The single-concurrent lock system allows ukwa-pywb to 'lock' access to an individual url, such that only a single session can access the resource, in accordance with UK Legal Deposit restrictions. The restriction applies to 'top-level' pages only, and can be cleared manually. An admin interface is available to view all locked resources and sessions and to clear them as needed.
The system is implemented using a Redis server (or Redis mock-up) for cacheing, which provides key expiry support. The use of Redis ensures that session information is persisted across application restarts.
To enable the single-concurrent lock, set the single-use-lock: true
in the desired collections.
collection:
ukwa:
...
single-use-lock: true
The locks are per-url per-collection. (Embedded resources and AJAX requests are also excluded from the lock).
The REDIS_URL should be set to a url representing the redis server. A default setting for a local server on database 0 might be:
redis://localhost/0
.
If REDIS_URL is not set, an internal redis mock (using Python fakeredis
) will be created and a warning printed on startup.

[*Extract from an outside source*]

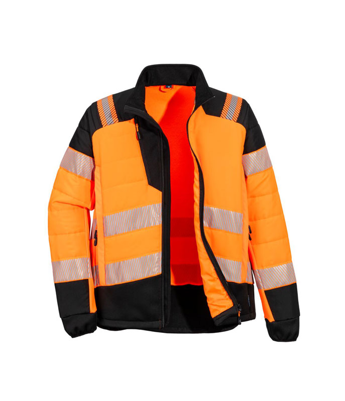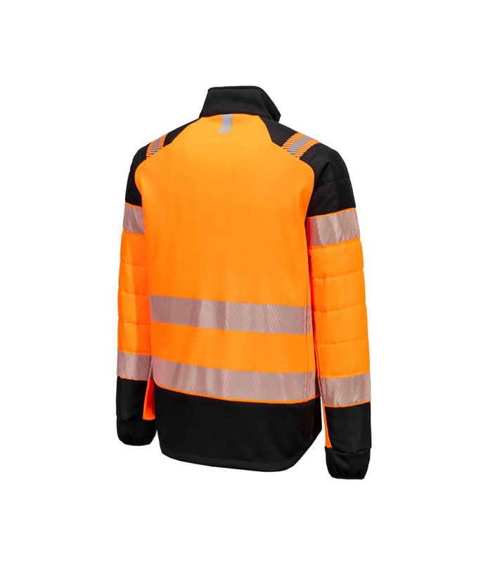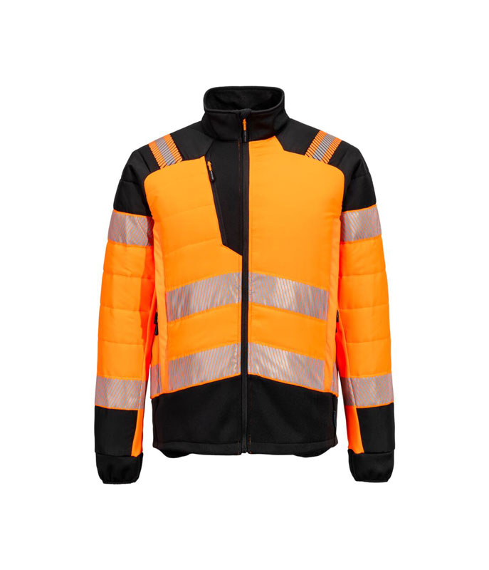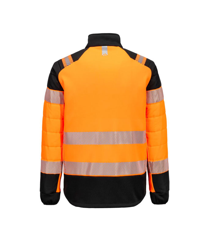 Jachetă Hi-Vis Hybrid Baffle Portocaliu / Negru. PW3 Hi-Vis Hybrid Baffle este o jachetă de ploaie de înaltă vizibilitate, proiectată pentru confort, protecție și mobilitate maximă. Fabricată din ripstop durabil și impermeabil, include panouri elastice pentru libertate de mișcare, izolație termică strategically poziționată și o croială ergonomică pentru protecție optimă în orice condiții meteo.

It's possible to use the fakeredis mock, but the session data will not be persisted across restarts.
Configuring the Redis container with Docker Compose can be done as follows. Any recent version of Redis should work.
pywb:
...
depends_on:
- redis
environment:
- REDIS_URL=redis://redis:6379/0
redis:
image: redis:3.2.4
Redis automatically handles the expiration of session keys, clearing the locks. The expiry time is rounded up to the end of the next day by default.
For testing, it is possible to set a shorter expiry time by setting TEST_SESSION_LOCK_INTERVAL
environment variable.
For example, it is set to TEST_SESSION_LOCK_INTERVAL=30
to allow for testing expiry after 30 seconds.
This environment variable should not be set for production.
The locks can be expired more quickly via a client-side ping mechanism.
A client-side ping to /_locks/ping
is made to reset the expiry for the current page, based on the referrer.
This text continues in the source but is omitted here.